Better Left Buried
by PrettyLittleWreck
Summary: Remy, Scott, Kurt, and Pietro go to Caldecott County to learn more about Rogue, but soon regret knowing what they do. Just a look into Rogue's powers with a dark little twist. For the moment it's a one-shot, but I'm debating continuing it if people seem to like it, so please review if you want it to be continued. Rated T for dark themes ad mentions of suicide.
1. Chapter 1

Better Left Buried

**Disclaimer: so I wanted to put a darker spin on Rogue's past and powers, and I'm honestly not sure if I want to make this just a one-shot or if I want to continue it. Let me know what you think, please! It includes several characters but focuses on Rogue. Reviews are appreciated, even the bad ones!**

They weren't sure why they were here. Most of them sent glares at each other and wanted nothing more than to brutally fight to the death then and there, but of course they knew they couldn't. They needed to finish the mission, even if it was random as all hell and they weren't even all on the same team. The X-Men were mixed with the Brotherhood, and tension was high between the groups. Scott, and Kurt stayed as far away from Pietro and Gambit as they possibly could. They were in Caldecott County, Mississippi, and they were trying to find background information on Rogue. Honestly, none of them knew why the sudden interest in her had started, but both Erik and Charles said it was very important that they found out as much about her past as they could, and none of them could deny that they were curious about their friend and teammate's past. She was very secretive, after all, and it drove them crazy trying to figure her out.

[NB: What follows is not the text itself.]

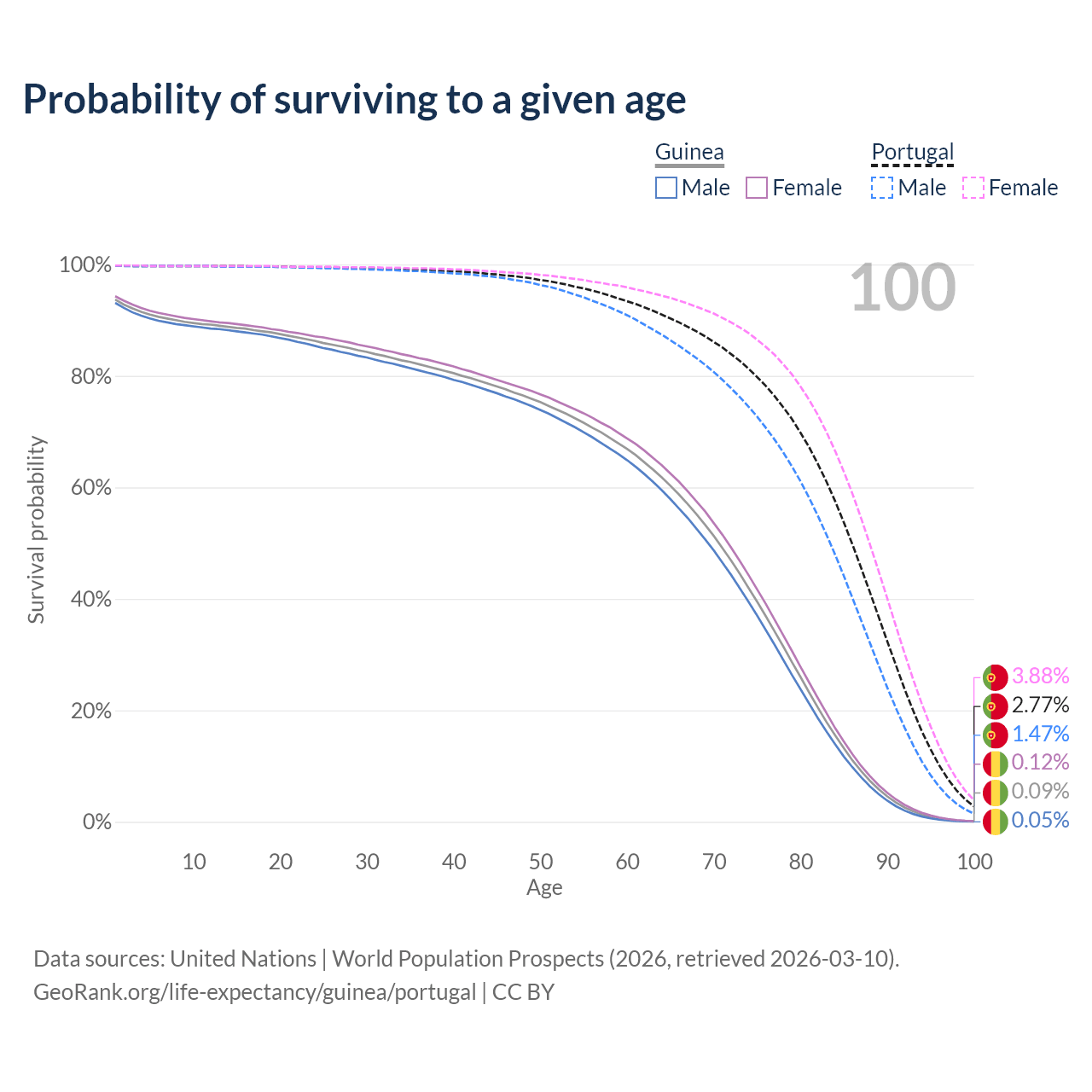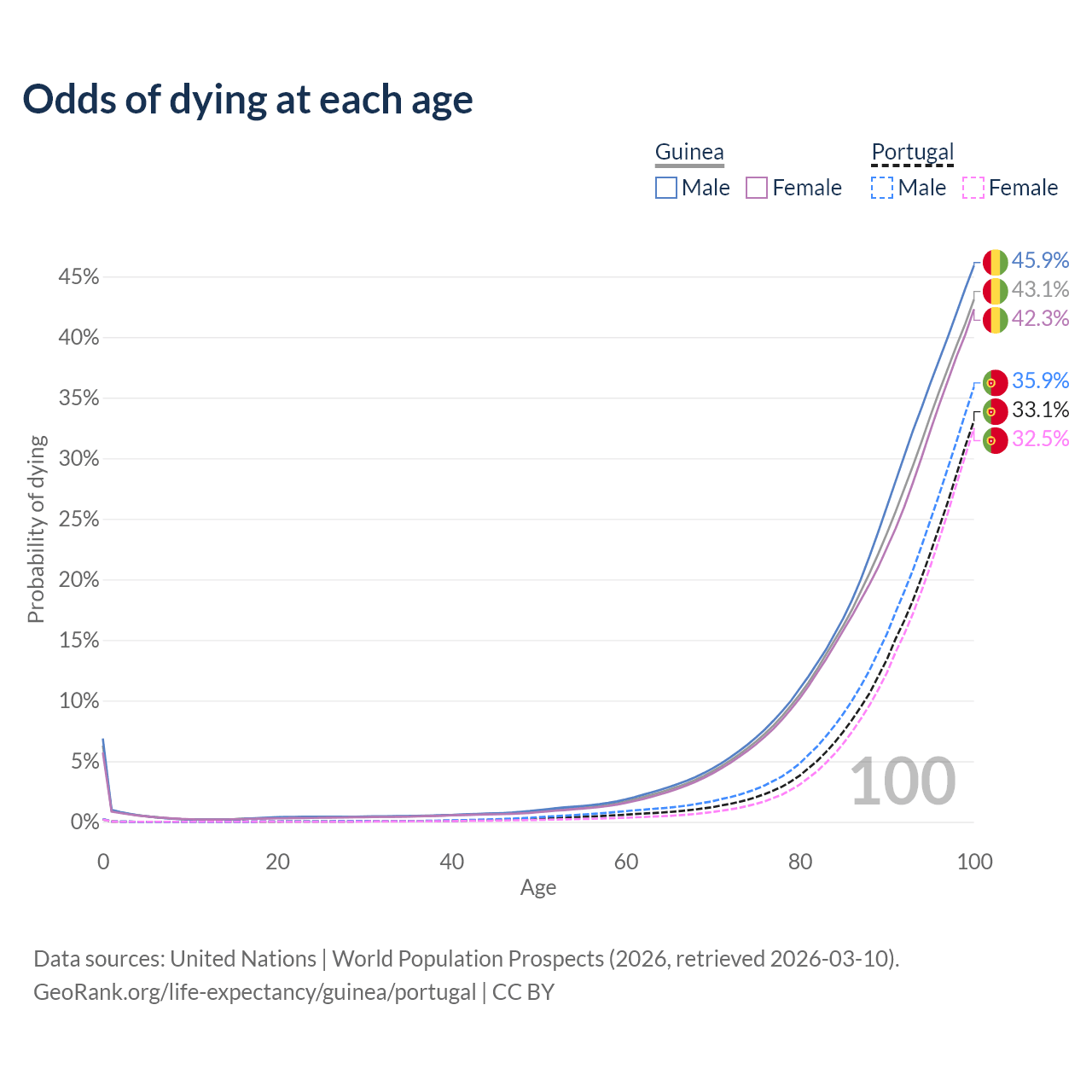 This life expectancy calculator shows the odds of living to 100, 95, 90, and below based on current age for both males and females in Guinea and Portugal, along with mean and median age of death. The calculations are based on the 2026 life tables (actuarial tables) from the UN World Population Prospects.

"Can we stop glarin' at each otha long enough to finish the mission?" Gambit asked finally. "The soona we ask some questions from anyone who might'a known Rogue, the soona we can get home." The others grumbled but did as they were asked, finally agreeing to continue with the mission instead of just standing around and wasting time.

"Where should we ask first?" Pietro asked, looking around. Caldecott County was small, so he figured it wouldn't be that hard to get what they were looking for. They stepped into an inn and Scott walked up to the counter, smiling pleasantly at the woman behind the counter as the other three followed him.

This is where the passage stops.